A drawstring Nike backpack is worn by someone with a matching Nike swoosh shaved into their head, in one photograph taken by London-based photographer Catherine Losing, who told AnOther more about the commission: “That backpack reminded me of the “swoosh” that boys from my school near Doncaster shaved into the back of their heads in the late ‘90s. Anna [Lomax, Losing’s longterm collaborator, who styled each look] had the same reference point, apparently it was also a big thing in south London.”

That portrait shows how blurred the cultural ownership of what we wear can be: a shaved swoosh might seem familiar to anyone who grew up in 1990s Britain, but look closer and you realise it’s style that’s been adopted by kids, rappers and footballers from all over the world for the past three decades.

The bucket hat, the Birkin, the leather jacket, the balaclava and a padded, form-fitting dress from Rei Kawakubo’s Body Meets Dress, Dress Meets Body collection for Commes des Garçons in 1997 were some of the items on Losing and Lomax’s list. “Anna and I would do separate moodboards for the items, then come together and chat through it all,” says Losing. “Usually there’d be a lot of crossover with references and how we imagined approaching them.” Once they’d planned how each item would be represented, they had the sometimes tricky task of sourcing the garments, or making them themselves.

Their sumptuous take on Body Meets Dress, Dress Meets Body could be mistaken for a pile of oversized foam hair rollers – or nifty neck pillows. “I don’t want to give away Anna’s trade secrets,” Losing told us via email, “but I think it was a pair of leggings with salt in!” Sourcing an Hermès Birkin bag on the other hand, proved near impossible: “We had a complete nightmare trying to get hold of one, which is exactly why it’s in the exhibition; Hermès created a massive buzz by making them unattainable. Even MoMA struggled. Luckily it turned out a colleague knew a collector who very kindly lent us one for the shoot.
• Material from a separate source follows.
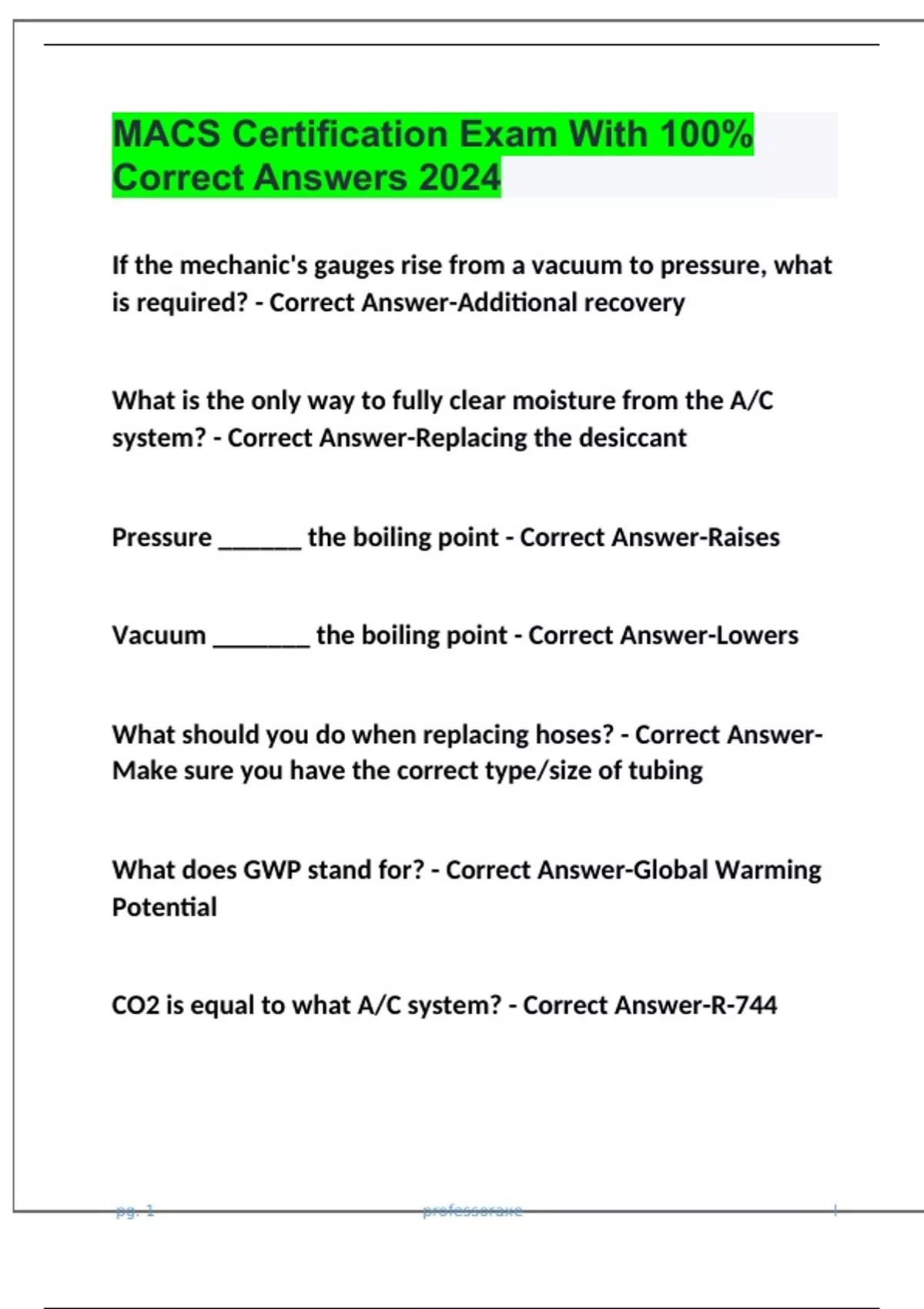 Direct Expansion - Correct Answer-Refrigerant directly expands within the evaporator that is located inside the passenger compartment pg. 2 professoraxe l

But I was so terrified by its value – it’s worth more than a couple of houses back where I’m from – that I employed security to transport the bag.”

Whether you’re walking through the exhibition or leafing through the accompanying catalogue, it’s hard not to want some of these items for yourself. Of course, there’s a faithful Gore-Tex or a Breton jumper that you may well already own. But just imagine owning Donna Karan’s 1985 Seven Easy Pieces capsule collection for yourself. “I’m more like Jeff Goldblum in The Fly,” says Losing. “I have multiples of the same jeans, T-shirts and turtlenecks. I’m so boring! Anna is more exciting, she’s always got a great manicure or pair of Air Force Ones.”

Items: Is Fashion Modern? runs until January 28, 2018 at MoMA, New York.